1. http://www.cdc.gov/cancer/skin/statistics/
2. Skibba et al. Multiple primary melanoma following administration of levodopa. Arch Pahol 1972;93:556-61.
3. Rigel et al. Evaluation of Parkinson’s disease (PD) prevalence in patients with malignant melanoma. Mov Disord 2006;21:S58.
4. Ferrira, et al. Skin cancer and Parkinson’s disease. Movement Disorders 2010;25(2);139-48.
5. Jansson B, Jankovic J. Low cancer rates among patients with Parkinson’s disease. Ann Neurol. 1985;17(5);505-09.
6. Inzelberg, et al. High prevalence of malignant melanoma in Israeli patients with Parkinson’s disease. J Neural Transm 2011;118(8):1199-207.
7. Bertoni et al. Parkinson’s disease and melanoma: an epidemiologic evaluation.

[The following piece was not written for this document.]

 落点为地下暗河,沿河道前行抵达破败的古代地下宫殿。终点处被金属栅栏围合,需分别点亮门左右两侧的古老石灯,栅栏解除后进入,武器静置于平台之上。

Ann Neurol 2006;60(Suppl 3):S71-72).
8. Constantinescu et al. Malignant melanoma in early Parkinson’s disease: the DATATOP trial. Mov Disord 2007;22:720-22.
9. Sober A, Wick M. Levodopa therapy and malignant melanoma. JAMA 1978;240:554-555.

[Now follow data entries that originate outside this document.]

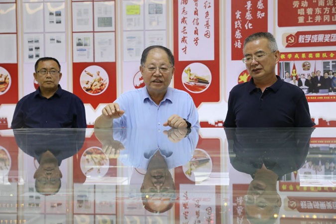 王旭峰一行参观了学校西柏坡餐厅,实地了解餐厅运行情况,随后参观了北平楼伟人塑像厅、红色藏品展厅、图书馆、百年党史馆等红色展厅。
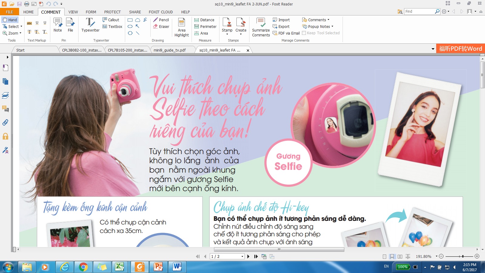 TP. Hồ Chí Minh, 24 tháng 6 năm 2017 - FUJIFILM Việt Nam tự hào giới thiệu hai chiếc máy chụp ảnh lấy ngay, đó là máy ảnh instax SQUARE SQ10 (SQ10) và instax mini 9. Phiên bản SQ10 được giới thiệu với chủ đề The New Shape of Creativity – Hình dạng sáng tạo mới. Máy ảnh chụp lấy ngay hybrid instax SQ10 với tấm phim định dạng hình vuông mới (SQUARE Film) là chiếc máy ảnh lai đầu tiên trong dòng máy instax được trang bị bộ cảm biến hình ảnh kỹ thuật số và công nghệ xử lý hình ảnh kỹ thuật số, cho phép người sử dụng cải thiện chất lượng ảnh và chỉnh sửa / xử lý ảnh trước khi in.
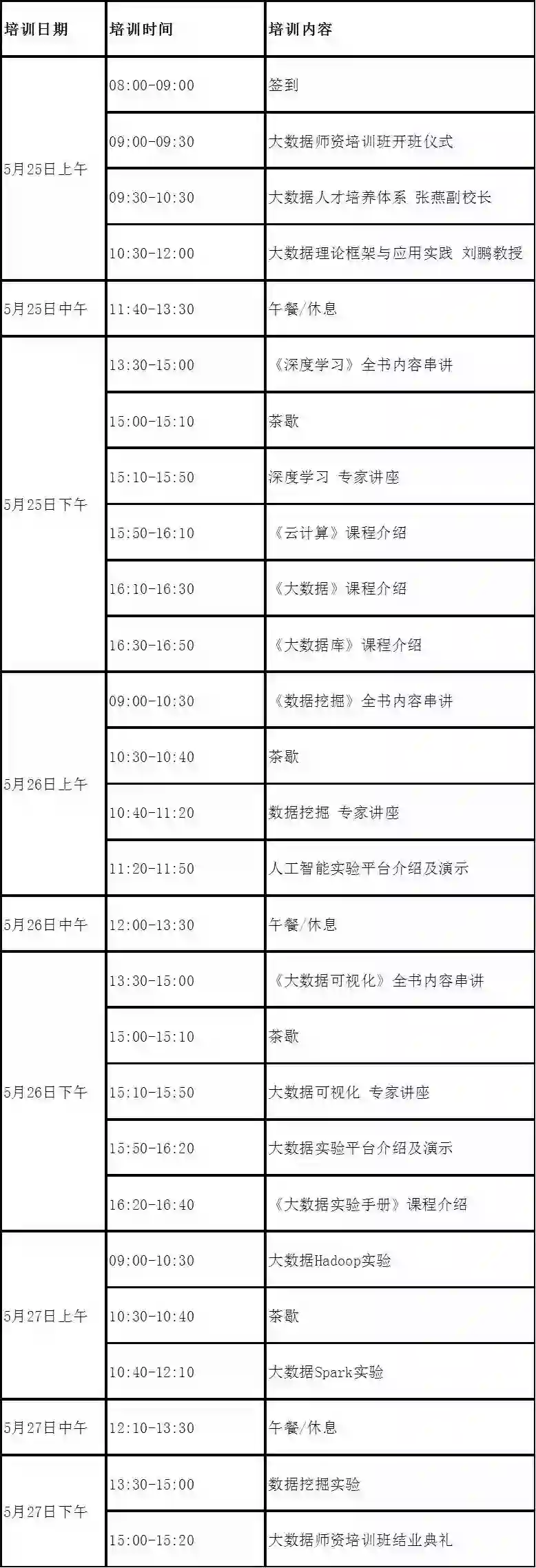 4.本次参加培训班的老师,将有机会免费获赠《深度学习》、《数据挖掘》和《大数据可视化》三本教材。

10. Disse et al. A review of the association between Parkinson disease and malignant melanoma. Dermatol Surg 2016;42:(2)11-46.
11. Gao, et al. Family history of melanoma and Parkinson disease risk. Neurology. 2009;73(16):1286-91.
12. Fahn S, Jankovic J. Principles and Practice of Movement Disorders 2007, chapter 6,131.
13. Vermeij et al. Parkinson’s disease, levodopa-use and the risk of melanoma. Parkinsonism Relat Disord. 2009;15(8):551-3.
14. Meier-Davis, et al. Comparison of oral and transdermal administration of rasagiline mesylate on human melanoma tumor growth in vivo. Cutan Ocul Toxico 2012;31(4):312-17.